「媽咪今天要去新竹喔~你們要聽爸爸的話。」
雨欣蹲下來抱著小兒子,在他臉頰親了一下,又轉頭摸摸大兒子的頭髮。早晨的陽光從落地窗灑進來,客廳暖洋洋的,早餐桌上的奶油吐司還冒著微煙。
天成穿著襯衫走出來,一邊繫著領帶一邊問:「今天是晨宇開車載妳?」
「對啊,他剛好也要去新竹處理一點投資的事,順路載我去開發客戶。」雨欣語氣輕快,笑容甜美,看起來一如往常。
「好啦,妳小心一點。

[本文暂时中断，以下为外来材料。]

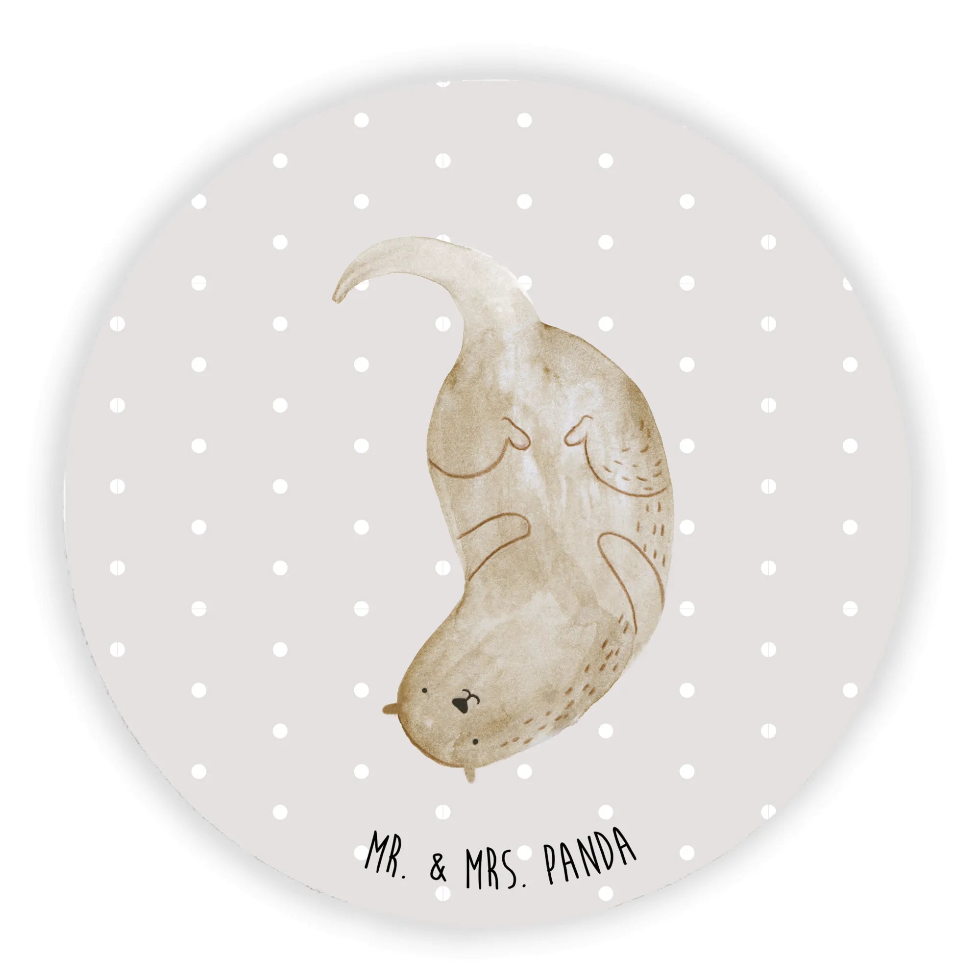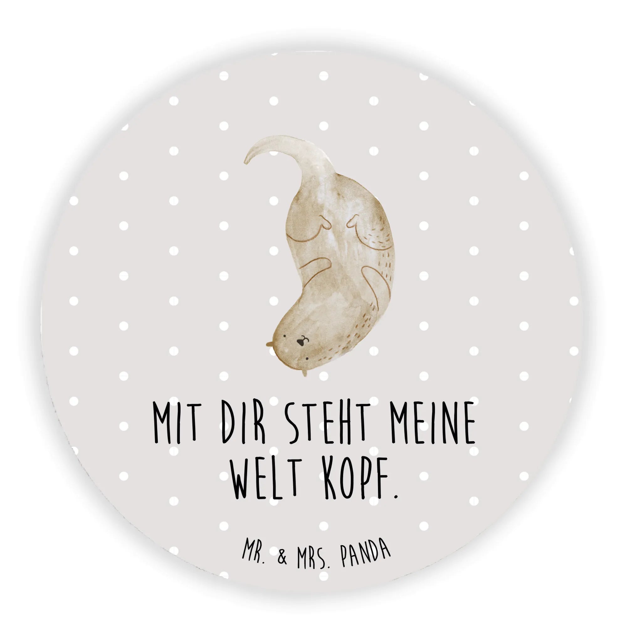 Okrągły magnes wydra Do góry nogami - z napisem - biały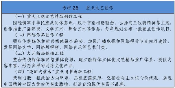 堅持以人民為中心的創(chuàng)作導(dǎo)向,創(chuàng)作生產(chǎn)出人民喜聞樂見的優(yōu)秀作品。繁榮發(fā)展新聞出版、廣播影視、文學(xué)藝術(shù),實施文藝作品質(zhì)量提升工程,加強優(yōu)秀劇本孵化和生活采風(fēng)。推動重大主題文藝精品創(chuàng)作,加強現(xiàn)實題材創(chuàng)作生產(chǎn)。改進重點作品創(chuàng)作引導(dǎo)機制,建立重點文化藝術(shù)項目滾動扶持機制。設(shè)立內(nèi)蒙古文化藝術(shù)發(fā)展專項資金。加強文化文藝場館建設(shè)。制定文藝人才發(fā)展規(guī)劃,開展內(nèi)蒙古電影新導(dǎo)演計劃。實施文化潤心工程,以文藝創(chuàng)作鑄牢中華民族共同體意識。提升廣播電視和網(wǎng)絡(luò)視聽產(chǎn)品質(zhì)量,豐富網(wǎng)絡(luò)文藝內(nèi)容。搭建文藝精品遴選、展示、推出平臺,建設(shè)內(nèi)蒙古音樂廳,支持因地制宜建設(shè)綜合劇場、音樂廳和美術(shù)館,舉辦內(nèi)蒙古藝術(shù)節(jié)、內(nèi)蒙古音樂節(jié)等活動,大力實施文藝惠民演出和地方戲傳承創(chuàng)新工程,定期舉辦全區(qū)地方戲優(yōu)秀劇目展演以及音樂、舞蹈、小戲小品專業(yè)賽事,打造獨具特色的文化藝術(shù)品牌。
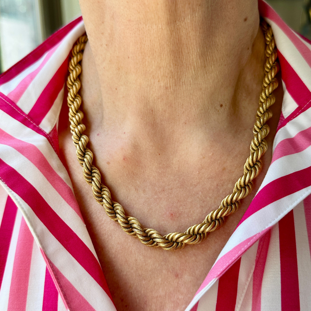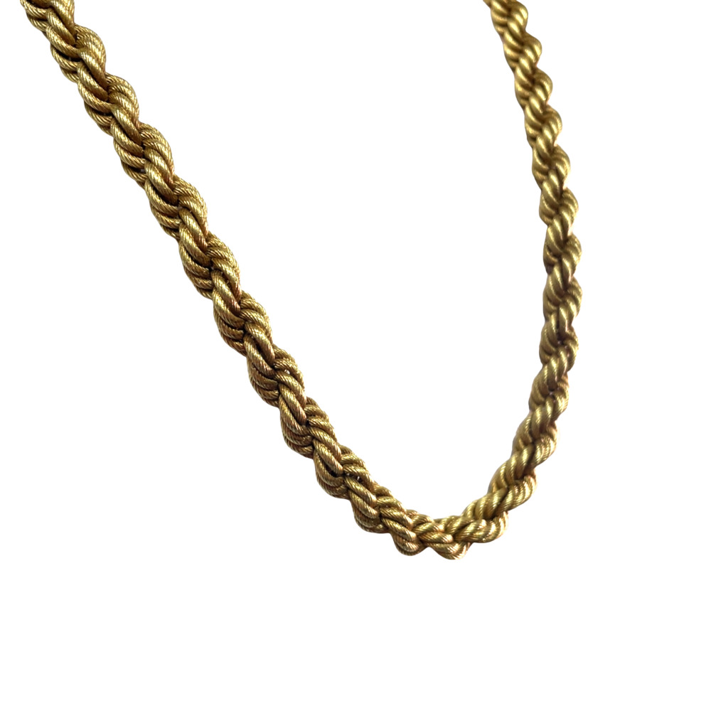 The rope style measuring 9.25mm wide, 21 inches long, weighing 39.3 dwts.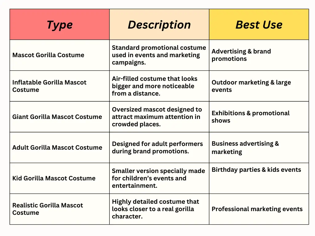 Types of Gorilla Mascot Costumes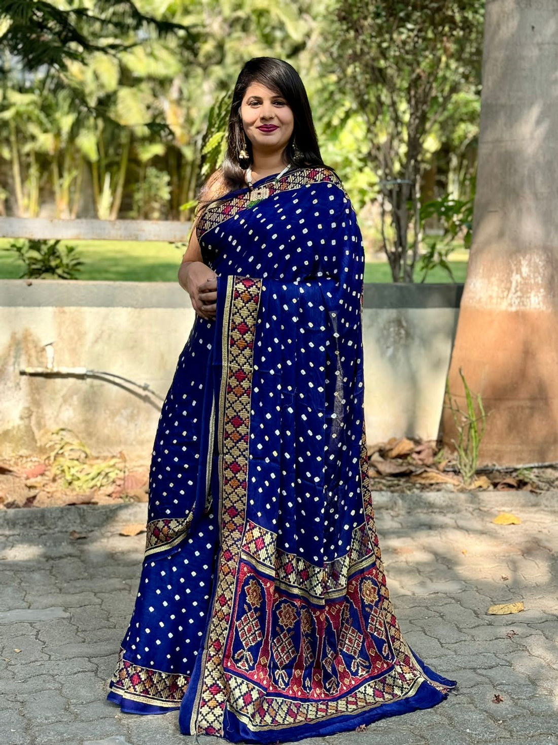 Beautiful Designer Art Silk Chokda Style Bandhani Saree

對了,妳不是說下週要開新產品講座?我幫妳問一下我公司同事,他們家太太可能會有興趣參加。」
「真的嗎?太棒了~你最棒了!」
她一邊說,一邊貼過去親了他一下,像每一個平凡家庭裡最恩愛的夫妻一樣。天成捏了她一下鼻頭,笑了。
但這一切,在她關上門、走入車裡那一刻起,全都被她收起。
車內是熟悉的香氛味,晨宇穿著黑色長袖T恤與休閒長褲,一手握著方向盤,一手把咖啡遞過來:「拿鐵,半糖少冰。記憶力夠好吧?」
「太完美了,該不會連我幾點月經來都記得吧?」她半玩笑半曖昧地笑著。
他抬眼看她一眼,嘴角微微勾起:「不記得的部分,我可以幫妳重新記。」
她笑出聲,拉開安全帶坐定,雙腿交疊,裙擺隨著動作滑動,露出一截包覆著黑色蕾絲絲襪的肌膚。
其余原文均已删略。